## Exercise prompt
Reproduce the entries shown below only from the line with "Welcome Home to" down to the line with "Alustame mesilaste talvesööda", keeping both end lines and copying each one exactly.

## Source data
Segment Open

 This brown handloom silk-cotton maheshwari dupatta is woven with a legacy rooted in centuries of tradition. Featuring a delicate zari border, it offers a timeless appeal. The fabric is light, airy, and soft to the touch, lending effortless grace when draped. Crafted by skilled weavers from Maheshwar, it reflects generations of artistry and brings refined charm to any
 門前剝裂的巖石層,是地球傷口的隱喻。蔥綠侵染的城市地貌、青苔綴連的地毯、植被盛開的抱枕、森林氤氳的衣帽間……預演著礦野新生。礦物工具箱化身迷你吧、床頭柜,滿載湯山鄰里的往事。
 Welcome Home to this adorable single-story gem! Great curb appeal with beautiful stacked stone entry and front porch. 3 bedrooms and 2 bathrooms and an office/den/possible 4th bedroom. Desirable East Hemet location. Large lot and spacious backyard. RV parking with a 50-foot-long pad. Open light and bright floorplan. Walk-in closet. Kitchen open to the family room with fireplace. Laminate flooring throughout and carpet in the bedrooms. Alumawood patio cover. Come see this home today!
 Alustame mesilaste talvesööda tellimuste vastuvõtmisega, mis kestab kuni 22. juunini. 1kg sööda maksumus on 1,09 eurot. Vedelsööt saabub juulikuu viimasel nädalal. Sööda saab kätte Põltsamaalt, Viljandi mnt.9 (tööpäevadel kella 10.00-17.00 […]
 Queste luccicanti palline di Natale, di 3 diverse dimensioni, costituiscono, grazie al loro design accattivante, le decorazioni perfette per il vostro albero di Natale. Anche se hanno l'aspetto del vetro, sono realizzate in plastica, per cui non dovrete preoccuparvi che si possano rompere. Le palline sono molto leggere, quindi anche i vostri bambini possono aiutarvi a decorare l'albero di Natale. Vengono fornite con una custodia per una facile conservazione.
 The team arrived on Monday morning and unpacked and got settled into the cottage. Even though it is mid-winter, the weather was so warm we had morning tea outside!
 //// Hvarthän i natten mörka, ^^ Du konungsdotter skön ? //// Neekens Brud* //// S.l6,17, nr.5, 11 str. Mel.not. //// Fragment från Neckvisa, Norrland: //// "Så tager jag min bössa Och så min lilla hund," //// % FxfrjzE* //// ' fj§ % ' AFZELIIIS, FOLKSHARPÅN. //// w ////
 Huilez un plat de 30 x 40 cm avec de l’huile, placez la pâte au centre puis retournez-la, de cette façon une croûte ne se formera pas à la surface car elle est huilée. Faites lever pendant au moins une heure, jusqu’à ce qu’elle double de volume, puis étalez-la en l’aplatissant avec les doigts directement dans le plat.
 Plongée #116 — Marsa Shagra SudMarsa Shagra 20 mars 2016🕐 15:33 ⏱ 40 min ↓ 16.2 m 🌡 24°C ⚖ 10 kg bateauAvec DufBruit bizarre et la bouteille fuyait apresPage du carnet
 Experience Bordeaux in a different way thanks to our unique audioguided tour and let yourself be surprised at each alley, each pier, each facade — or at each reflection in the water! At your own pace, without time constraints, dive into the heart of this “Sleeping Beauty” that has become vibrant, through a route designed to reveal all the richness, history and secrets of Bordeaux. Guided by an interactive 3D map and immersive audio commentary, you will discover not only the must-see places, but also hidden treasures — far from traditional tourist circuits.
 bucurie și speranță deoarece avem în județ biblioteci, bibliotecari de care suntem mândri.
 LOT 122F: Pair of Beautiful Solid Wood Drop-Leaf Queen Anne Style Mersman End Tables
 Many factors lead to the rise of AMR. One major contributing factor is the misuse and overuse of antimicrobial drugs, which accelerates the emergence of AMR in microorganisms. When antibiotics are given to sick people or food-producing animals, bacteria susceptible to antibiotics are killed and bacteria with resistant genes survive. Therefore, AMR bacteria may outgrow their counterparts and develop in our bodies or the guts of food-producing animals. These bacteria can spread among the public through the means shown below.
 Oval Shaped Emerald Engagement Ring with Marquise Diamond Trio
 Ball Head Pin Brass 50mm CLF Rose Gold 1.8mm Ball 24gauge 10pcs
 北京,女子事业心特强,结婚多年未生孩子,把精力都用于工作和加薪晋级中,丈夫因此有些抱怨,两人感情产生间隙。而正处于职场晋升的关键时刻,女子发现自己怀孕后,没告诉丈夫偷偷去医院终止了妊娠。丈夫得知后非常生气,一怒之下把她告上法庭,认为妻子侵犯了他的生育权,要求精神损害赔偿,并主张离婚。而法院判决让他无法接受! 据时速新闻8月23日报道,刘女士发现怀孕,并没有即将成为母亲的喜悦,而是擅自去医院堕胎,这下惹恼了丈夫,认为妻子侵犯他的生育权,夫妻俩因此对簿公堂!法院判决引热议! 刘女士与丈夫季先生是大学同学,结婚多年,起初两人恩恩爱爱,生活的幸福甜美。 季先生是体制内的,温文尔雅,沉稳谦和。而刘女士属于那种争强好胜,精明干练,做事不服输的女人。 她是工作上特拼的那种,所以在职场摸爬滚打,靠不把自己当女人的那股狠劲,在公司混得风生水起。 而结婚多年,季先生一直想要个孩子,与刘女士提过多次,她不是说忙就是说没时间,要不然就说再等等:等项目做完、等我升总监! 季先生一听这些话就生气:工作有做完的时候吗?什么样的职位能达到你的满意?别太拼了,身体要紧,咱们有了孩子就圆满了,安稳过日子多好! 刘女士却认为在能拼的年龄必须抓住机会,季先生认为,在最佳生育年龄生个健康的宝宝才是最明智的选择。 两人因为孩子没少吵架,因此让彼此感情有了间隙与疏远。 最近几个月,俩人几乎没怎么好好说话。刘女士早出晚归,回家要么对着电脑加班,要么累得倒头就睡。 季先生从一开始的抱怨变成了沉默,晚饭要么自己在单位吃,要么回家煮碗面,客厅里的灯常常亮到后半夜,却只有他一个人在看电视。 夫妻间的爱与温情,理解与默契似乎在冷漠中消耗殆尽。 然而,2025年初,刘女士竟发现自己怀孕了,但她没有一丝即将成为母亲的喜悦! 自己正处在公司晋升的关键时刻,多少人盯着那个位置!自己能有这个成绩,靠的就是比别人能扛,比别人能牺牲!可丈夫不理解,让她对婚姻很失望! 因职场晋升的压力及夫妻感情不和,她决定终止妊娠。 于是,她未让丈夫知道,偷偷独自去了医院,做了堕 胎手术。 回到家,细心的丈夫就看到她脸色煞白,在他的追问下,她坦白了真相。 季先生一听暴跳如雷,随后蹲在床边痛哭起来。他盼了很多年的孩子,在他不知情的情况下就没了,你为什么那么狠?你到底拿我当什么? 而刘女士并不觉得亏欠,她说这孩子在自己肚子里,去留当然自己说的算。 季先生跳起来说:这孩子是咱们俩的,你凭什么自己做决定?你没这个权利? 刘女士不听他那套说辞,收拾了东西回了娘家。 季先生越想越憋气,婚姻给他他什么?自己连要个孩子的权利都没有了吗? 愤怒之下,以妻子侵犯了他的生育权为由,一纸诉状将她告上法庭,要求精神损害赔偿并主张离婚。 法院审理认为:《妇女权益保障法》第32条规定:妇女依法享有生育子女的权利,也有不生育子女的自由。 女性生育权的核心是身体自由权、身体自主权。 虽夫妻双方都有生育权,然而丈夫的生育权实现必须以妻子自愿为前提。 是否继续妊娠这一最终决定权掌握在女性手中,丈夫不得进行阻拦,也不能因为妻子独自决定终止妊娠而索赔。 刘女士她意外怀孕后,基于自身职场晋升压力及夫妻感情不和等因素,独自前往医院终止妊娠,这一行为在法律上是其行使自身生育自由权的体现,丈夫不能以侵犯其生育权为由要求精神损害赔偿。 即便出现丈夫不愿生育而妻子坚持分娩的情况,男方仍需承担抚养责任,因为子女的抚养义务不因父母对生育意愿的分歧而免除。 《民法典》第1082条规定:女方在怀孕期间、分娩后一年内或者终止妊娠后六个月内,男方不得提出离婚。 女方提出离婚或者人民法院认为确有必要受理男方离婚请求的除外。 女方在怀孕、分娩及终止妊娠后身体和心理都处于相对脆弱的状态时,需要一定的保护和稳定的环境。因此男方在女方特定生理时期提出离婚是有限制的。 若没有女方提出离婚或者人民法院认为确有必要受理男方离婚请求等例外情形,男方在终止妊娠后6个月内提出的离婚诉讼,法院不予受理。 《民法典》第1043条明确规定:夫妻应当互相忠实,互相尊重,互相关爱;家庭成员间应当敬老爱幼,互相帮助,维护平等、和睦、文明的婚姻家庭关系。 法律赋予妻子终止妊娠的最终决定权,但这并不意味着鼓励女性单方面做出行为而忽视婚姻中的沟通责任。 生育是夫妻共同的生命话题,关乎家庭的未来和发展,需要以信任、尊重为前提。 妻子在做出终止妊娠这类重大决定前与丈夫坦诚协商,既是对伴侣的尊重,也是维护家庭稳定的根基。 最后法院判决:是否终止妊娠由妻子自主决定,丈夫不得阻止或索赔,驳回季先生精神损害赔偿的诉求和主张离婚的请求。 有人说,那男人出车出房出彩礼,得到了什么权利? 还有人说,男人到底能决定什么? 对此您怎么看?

Segment Closed

## Solution to this exercise
 Welcome Home to this adorable single-story gem! Great curb appeal with beautiful stacked stone entry and front porch. 3 bedrooms and 2 bathrooms and an office/den/possible 4th bedroom. Desirable East Hemet location. Large lot and spacious backyard. RV parking with a 50-foot-long pad. Open light and bright floorplan. Walk-in closet. Kitchen open to the family room with fireplace. Laminate flooring throughout and carpet in the bedrooms. Alumawood patio cover. Come see this home today!
 Alustame mesilaste talvesööda tellimuste vastuvõtmisega, mis kestab kuni 22. juunini. 1kg sööda maksumus on 1,09 eurot. Vedelsööt saabub juulikuu viimasel nädalal. Sööda saab kätte Põltsamaalt, Viljandi mnt.9 (tööpäevadel kella 10.00-17.00 […]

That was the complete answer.